■ Information supplied:
+---+
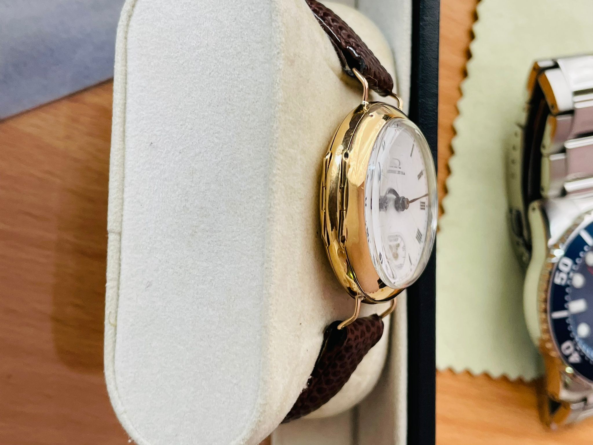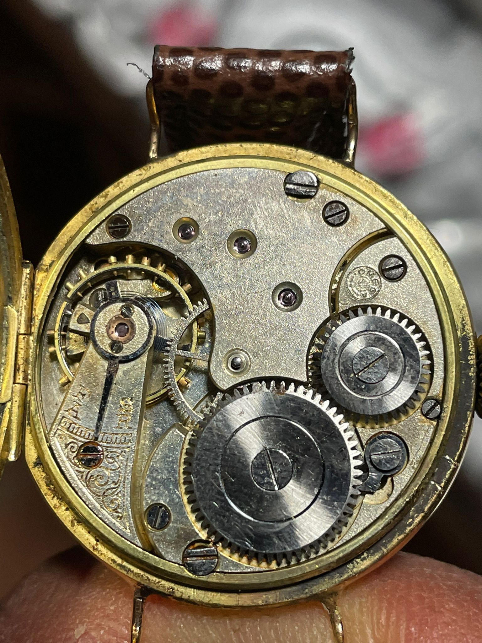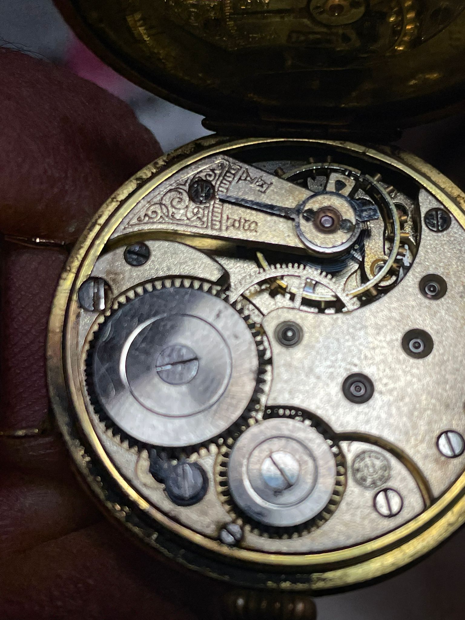 I can't say I've seen that type of logo on an old movement before either.
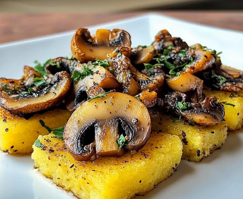 Crispy Polenta with Mixed Mushrooms is a rustic Italian-inspired dish featuring golden, crunchy polenta topped with garlicky sautéed mushrooms and Parmesan cheese.
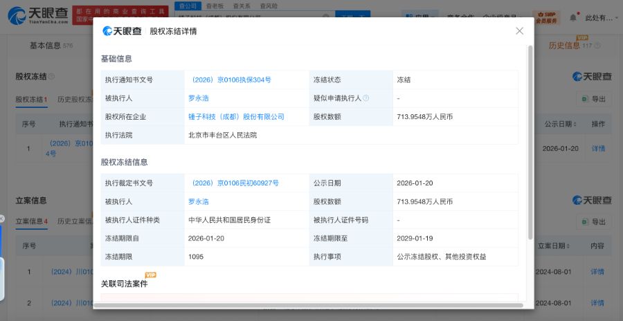 天眼查天眼风险信息显示,近日,罗永浩新增一则股权冻结信息,股权所在企业为锤子科技(成都)股份有限公司,冻结股权数额713万余元,冻结期限自2026年1月20日至2029年1月19日,执行法院为北京市丰台区人民法院。
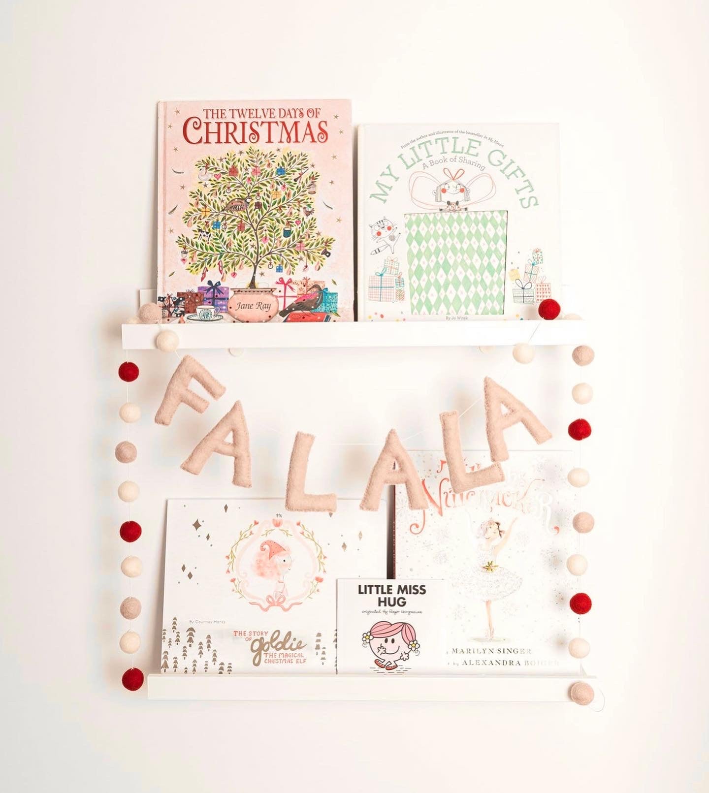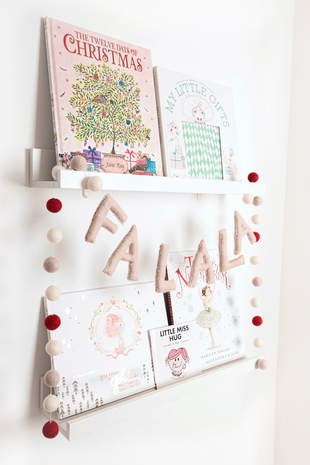 This Christmas garland features pink FALALA between white, pink and red felt balls. The  garlands to be longer in length so they can fit across shelves, doorways, staircases, tables and more!
+---+
■ Task directions:
Apart from the images, every line above is to be given again exactly.

■ Exercise output:
 I can't say I've seen that type of logo on an old movement before either.
 Crispy Polenta with Mixed Mushrooms is a rustic Italian-inspired dish featuring golden, crunchy polenta topped with garlicky sautéed mushrooms and Parmesan cheese.
 天眼查天眼风险信息显示,近日,罗永浩新增一则股权冻结信息,股权所在企业为锤子科技(成都)股份有限公司,冻结股权数额713万余元,冻结期限自2026年1月20日至2029年1月19日,执行法院为北京市丰台区人民法院。
 This Christmas garland features pink FALALA between white, pink and red felt balls. The  garlands to be longer in length so they can fit across shelves, doorways, staircases, tables and more!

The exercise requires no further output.